まわりの友だちはすこしずつお母さんになりはじめているし、「将来的には子どもがほしいな」と考えたりするけれど、自分がお母さんになった姿なんてまったく想像がつきません。そもそも「お母さんになるってどういうことかわからない」というのが正直なところ。

だけど、わからないなりにすこし考えてみようと思ったんです。きっかけは、本屋さんでふと手に取った、フランス出身のフォトグラファーVincent Ferranéの写真集『MILKY WAY』でした。

収録されているのは、Vincentさんの奥さんと、生まれて間もない赤ちゃんの授乳シーンをとらえた写真の数々。

授乳という行為になじみがないわたしは、これをみて、まず、「授乳はお母さんにとってどういうものなんだろう?」と思ったんです。そこで、2歳男児のママである職場の先輩に聞いてみたところ、こんなアンサーが返ってきました。

お母さんと赤ちゃんの
濃密なコミュニケーション

 

母乳って、血液と同じようなものなの。血液を吸い取られるというか。だから、それだけで赤ちゃんを育てているときは、1日5食とか食べたりしていた。食べて、吸い取られて、食べて、吸い取られて。母乳ファクトリーかってね(笑)

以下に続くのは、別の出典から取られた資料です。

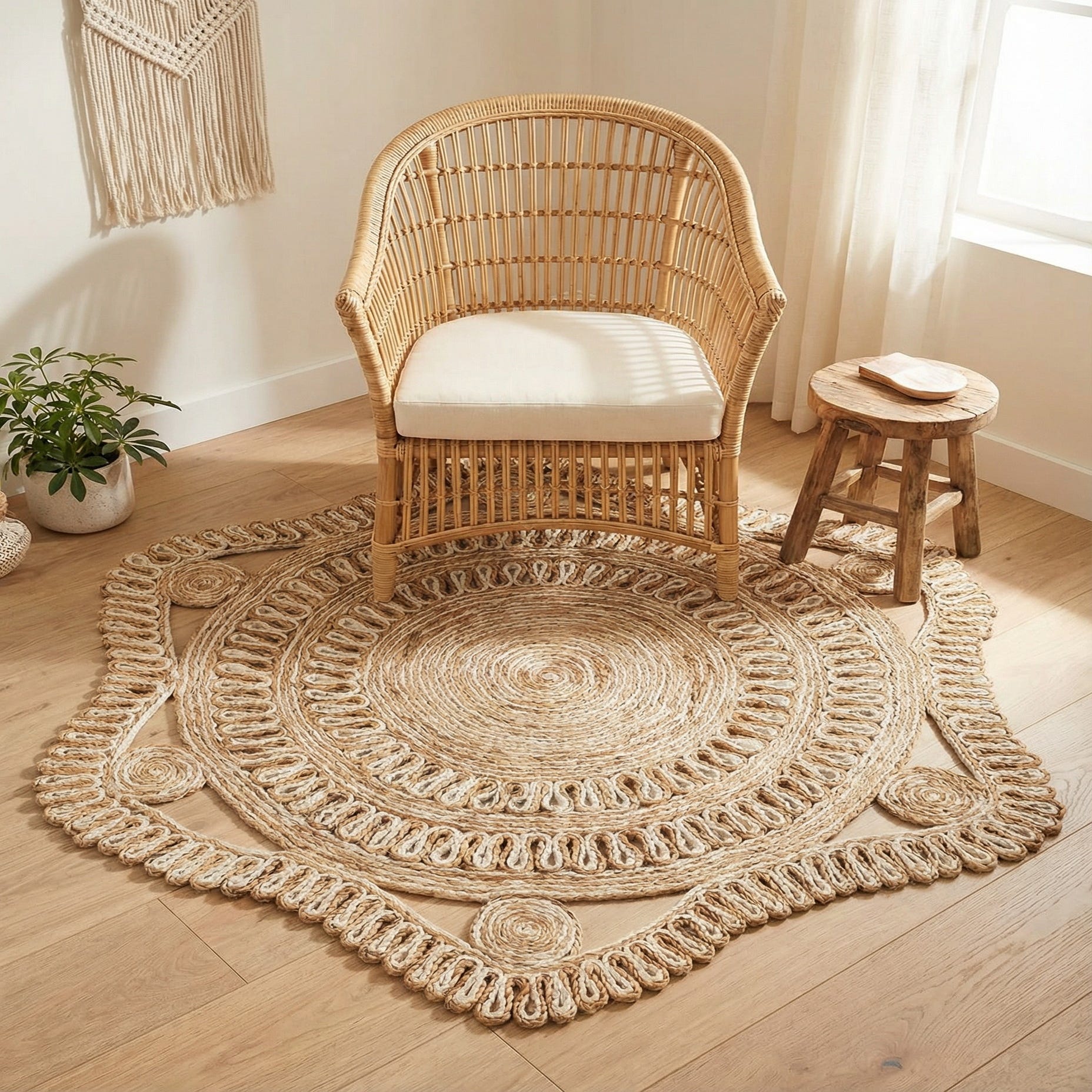 This rug is suited for a variety of decor styles, including coastal, bohemian, rustic, or Scandinavian-inspired interiors. It fits effortlessly into spaces that celebrate natural elements and handcrafted artistry. Whether placed in a casual living room, under a dining table, or in an entryway, this rug creates a warm, inviting atmosphere, complementing furnishings with its understated charm.

最初の1ヶ月は、吸われるのがすっごく痛かった。でも赤ちゃんにとっては唯一の生命線で、必死でくらいついてくるものだから、こっちは必死で耐えて。ただね、授乳って、赤ちゃんとの濃密なコミュニケーションの時間でね。しかも、ほんとに親子それぞれ。ふたりでふたりなりのスタイルをつくっていく感じ。だから、授乳期間が終わるときに、寂しくって、泣いちゃうママもたくさんいるのよ。

 

たしかに、Vincentさんの写真からも、お母さんと赤ちゃん、ふたりの必死感はすごく伝わってきます。全体的にやわらかい雰囲気をただよわせながら、母乳でつながっているふたりの間には、何らかのせめぎ合いがあるように感じます。

命をかけて、命をつなぐ

 

まだまだわからないことだらけです。でも、授乳というキーワードから紐解くに、お母さんになるってこういうことなのかな。わたしなんかが計り知れないような、いろんな痛みに耐えながら、命をかけて、新しい命を生み、育てる。ただ、その新しい命は、「どんな痛みもぜんぜんへっちゃらだ!」ってくらい、とってもとっても愛おしくてたまらない存在なのでしょう。

 

かく言うわたしも、お母さんが命をかけてつないでくれた命なわけで。

もうすぐ迎える24回目の誕生日。いままではお祝いしてもらってばかりだったけれど、今回は、お母さんにひたすら感謝する1日になりそうです。